_Aim of the exercise_.
For every line below, restate it exactly and drop the images.

_Data_.
______

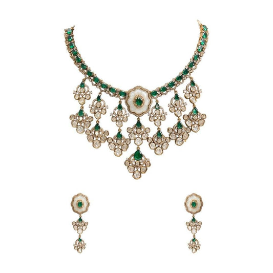 Regal Emerald and Polki Crystal Necklace Set with Coordinate Earrings
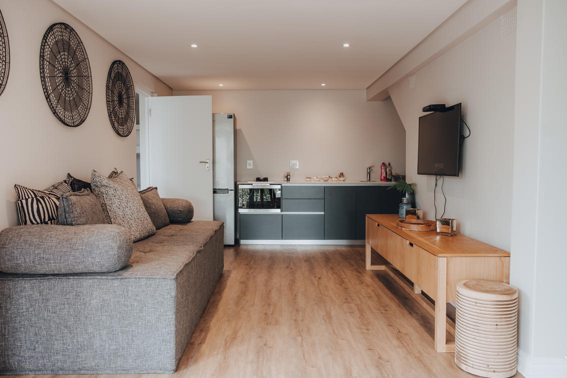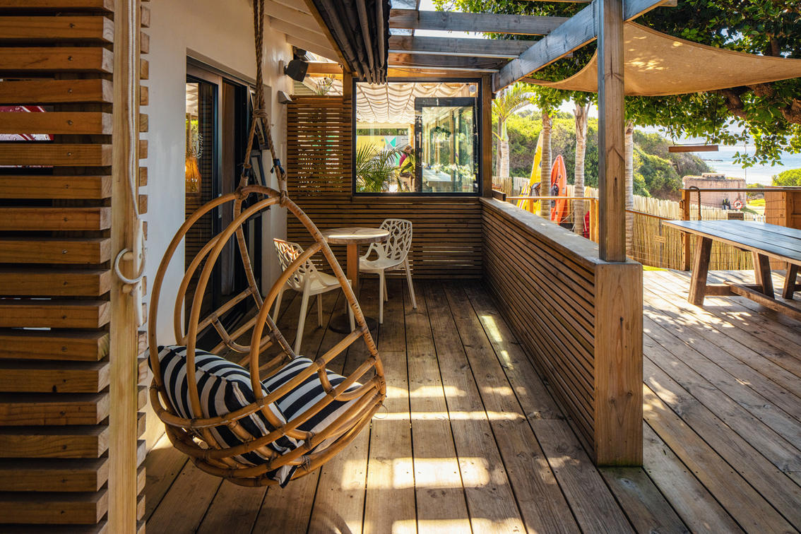 It is sea-facing and sleeps 2 adults and 4 children. It has a king size bed with an en-suite with shower and bath and 4 single pods with an additional bathroom with shower only. It has an open plan lounge, kitchenette and a private outside deck with a braai.
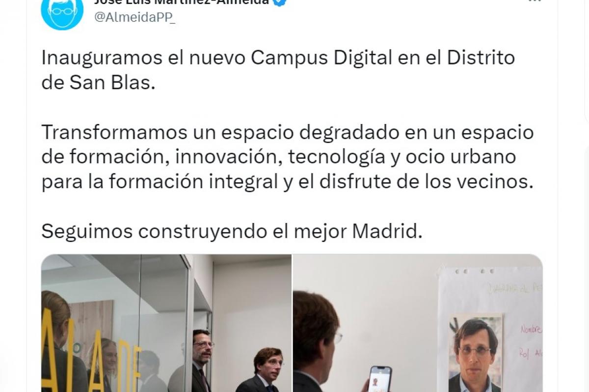 "Inauguramos el nuevo Campus Digital en el Distrito de San Blas. Transformamos un espacio degradado en un espacio de formación, innovación, tecnología y ocio urbano para la formación integral y el disfrute de los vecinos", ha escrito Almeida, asegurando que sigue construyendo el mejor Madrid posible.
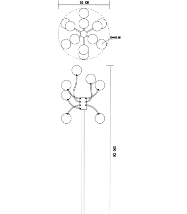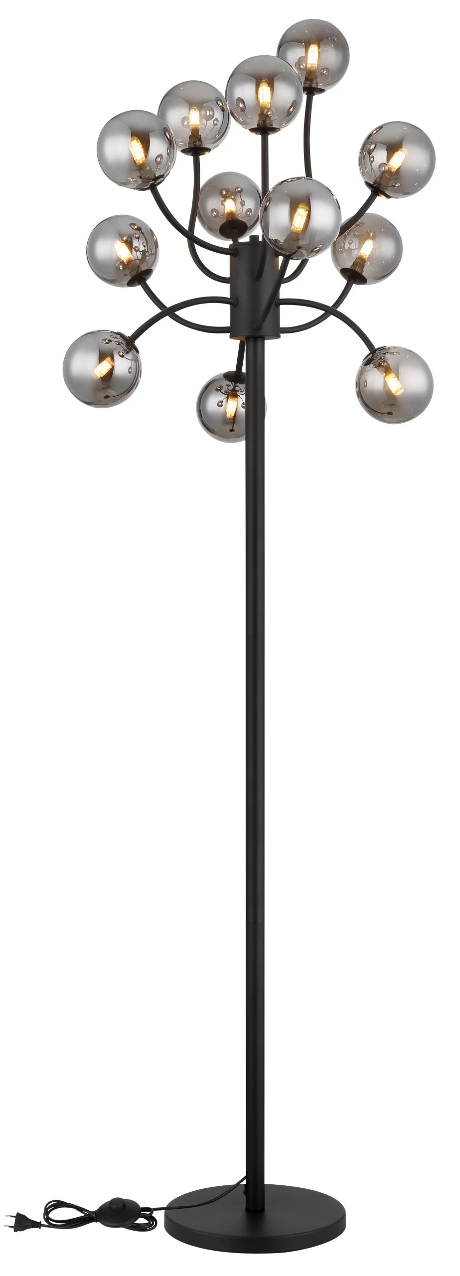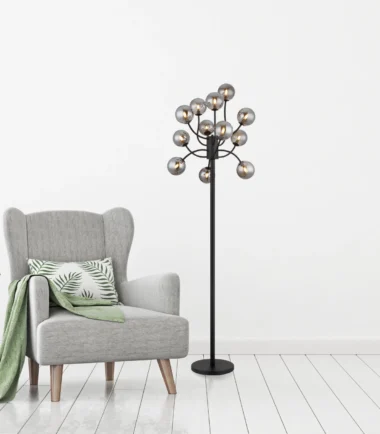 RIHA podna lampa impresionira svojim dizajnom i 12 zakrivljenih krakova ukrašenih kuglicama od dimljenog stakla. Crno metalno kućište i nožni prekidač na kablu nude funkcionalnost i eleganciju. Sa svetlosnim izlazom od 130 lumena i svetlosnom temperaturom od 3000 K, ova svetiljka pruža meko i privlačno osvetljenje. Idealna je za moderne dnevne sobe ili kutke za čitanje kojima je potreban stilski izvor svetlosti.

______

_Answer section_.
 Regal Emerald and Polki Crystal Necklace Set with Coordinate Earrings
 It is sea-facing and sleeps 2 adults and 4 children. It has a king size bed with an en-suite with shower and bath and 4 single pods with an additional bathroom with shower only. It has an open plan lounge, kitchenette and a private outside deck with a braai.
 "Inauguramos el nuevo Campus Digital en el Distrito de San Blas. Transformamos un espacio degradado en un espacio de formación, innovación, tecnología y ocio urbano para la formación integral y el disfrute de los vecinos", ha escrito Almeida, asegurando que sigue construyendo el mejor Madrid posible.
 RIHA podna lampa impresionira svojim dizajnom i 12 zakrivljenih krakova ukrašenih kuglicama od dimljenog stakla. Crno metalno kućište i nožni prekidač na kablu nude funkcionalnost i eleganciju. Sa svetlosnim izlazom od 130 lumena i svetlosnom temperaturom od 3000 K, ova svetiljka pruža meko i privlačno osvetljenje. Idealna je za moderne dnevne sobe ili kutke za čitanje kojima je potreban stilski izvor svetlosti.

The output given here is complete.